- _SUPPLIED INFORMATION_
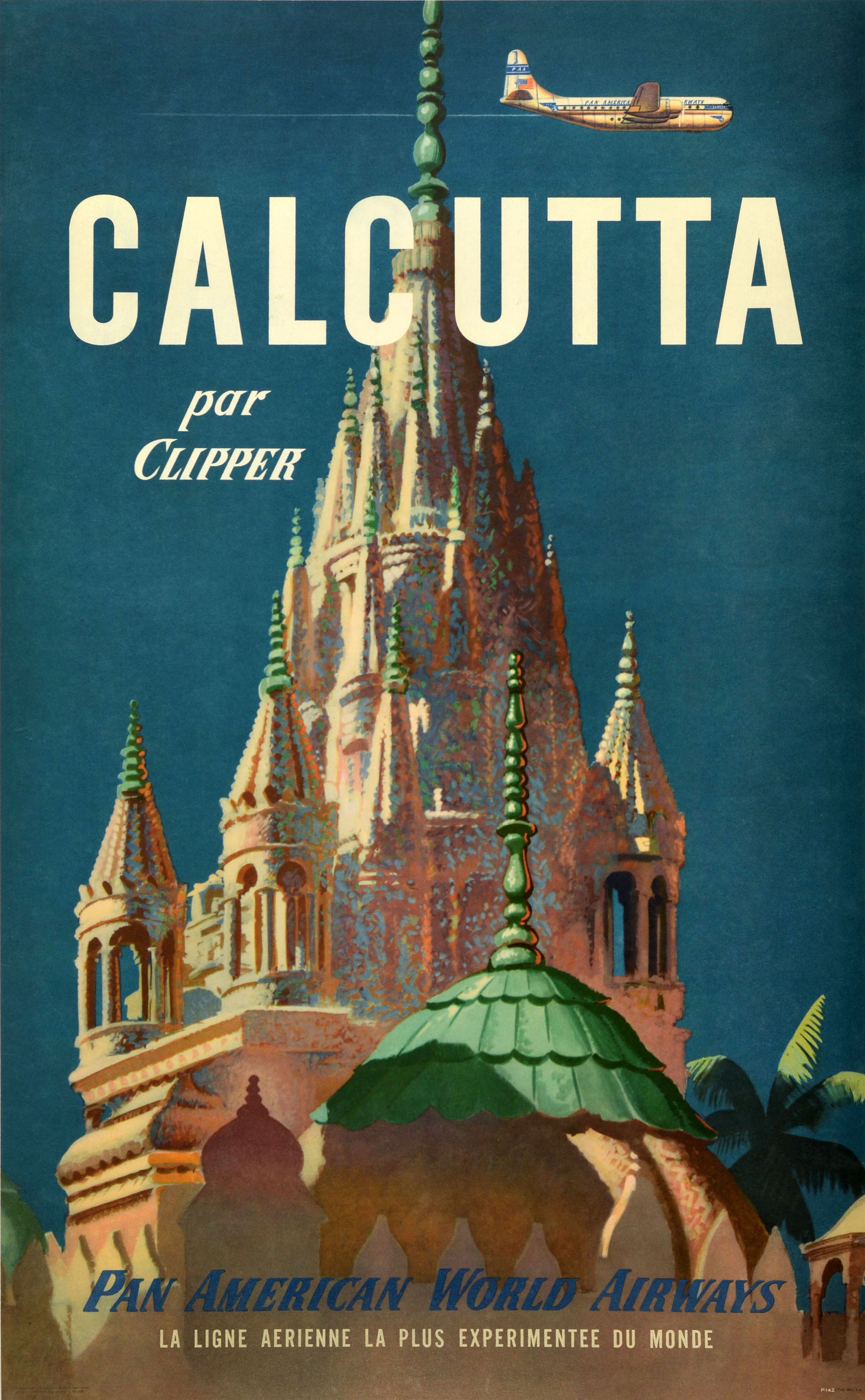 Original vintage Asia travel poster for Calcutta par Clipper Pan American World Airways La Ligne Aerienne La Plus Experimentee Du Monde / The World's Most Experienced Airline featuring great artwork depicting a colourful view of the historic Parshwanath Jain temple in Calcutta / Kolkata India with a plane flying overhead against the blue sky background, the bold text over and below the image, a palm tree on the side. Good condition, restored tears, minor creasing, minor staining, backed on linen.
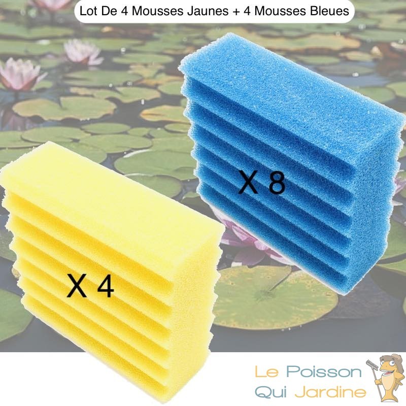 Nous vous proposons 8 mousses bleues et 4 mousses jaunes, de filtration de remplacement à placer dans le filtre de bassin de jardin que nous vendons. + Bactéries 2500 ml
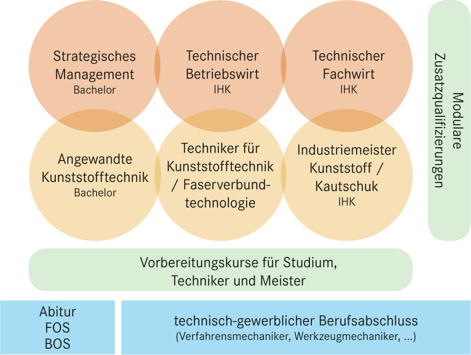 Staatlich geprüfte Kunststofftechniker (DQR 6)erlangen ausgezeichnete Kenntnisse über Struktur und Eigenschaften von Kunststoffen und verfahrenstechnischen Anwendungen der Kunststoffverarbeitung und deren Automatisierung. Einsatzbereiche sind in der Entwicklung oder technischen Umsetzung von Neuentwicklungen, als Projekt- oder Produktionsleiter, als Prozess- oder Qualitätsplaner im technischen Management.
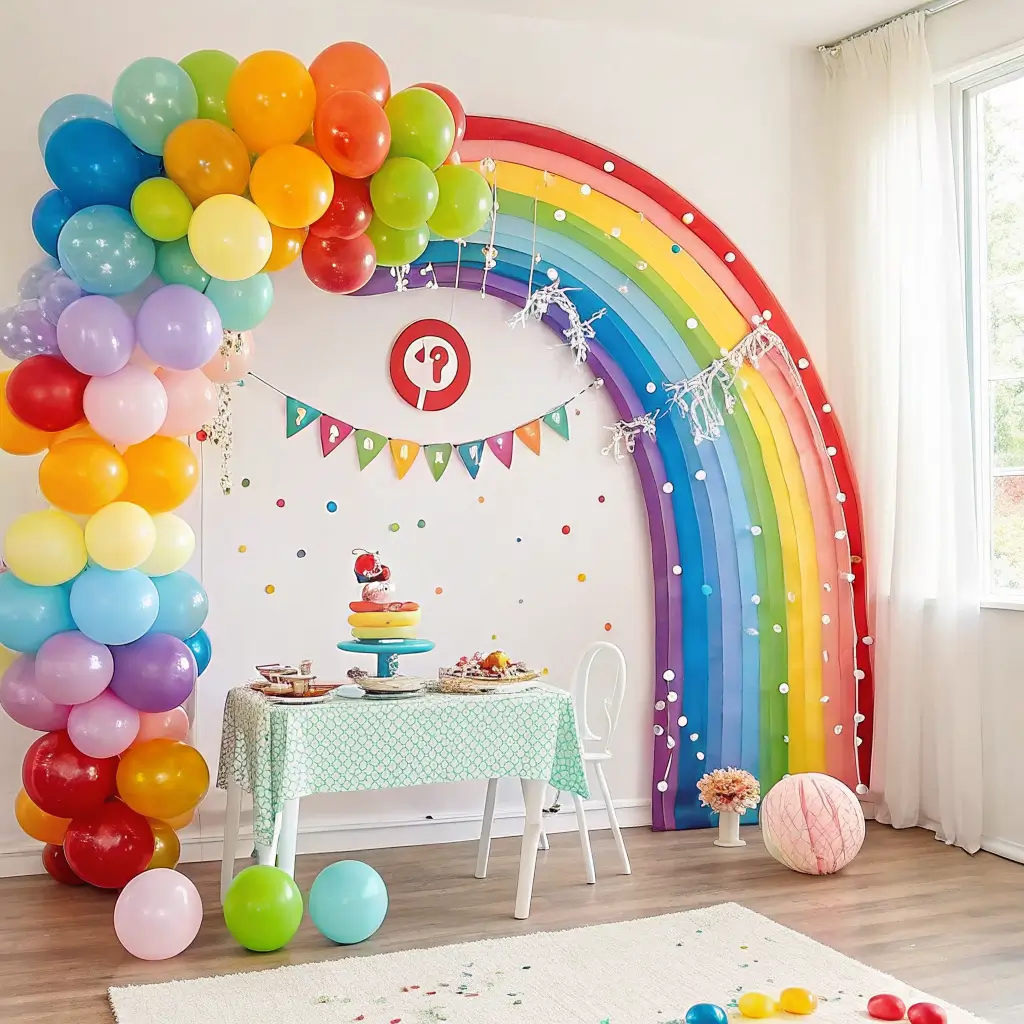 Rainbow birthday room decor creates an instant happy mood and photographs beautifully. If your goal is maximum joy with zero dull corners, this setup makes that happen.

- _WHAT TO WORK ON_
Each line above must be repeated exactly in the answer, with pictures omitted.

- _COMPLETED EXERCISE_
 Original vintage Asia travel poster for Calcutta par Clipper Pan American World Airways La Ligne Aerienne La Plus Experimentee Du Monde / The World's Most Experienced Airline featuring great artwork depicting a colourful view of the historic Parshwanath Jain temple in Calcutta / Kolkata India with a plane flying overhead against the blue sky background, the bold text over and below the image, a palm tree on the side. Good condition, restored tears, minor creasing, minor staining, backed on linen.
 Nous vous proposons 8 mousses bleues et 4 mousses jaunes, de filtration de remplacement à placer dans le filtre de bassin de jardin que nous vendons. + Bactéries 2500 ml
 Staatlich geprüfte Kunststofftechniker (DQR 6)erlangen ausgezeichnete Kenntnisse über Struktur und Eigenschaften von Kunststoffen und verfahrenstechnischen Anwendungen der Kunststoffverarbeitung und deren Automatisierung. Einsatzbereiche sind in der Entwicklung oder technischen Umsetzung von Neuentwicklungen, als Projekt- oder Produktionsleiter, als Prozess- oder Qualitätsplaner im technischen Management.
 Rainbow birthday room decor creates an instant happy mood and photographs beautifully. If your goal is maximum joy with zero dull corners, this setup makes that happen.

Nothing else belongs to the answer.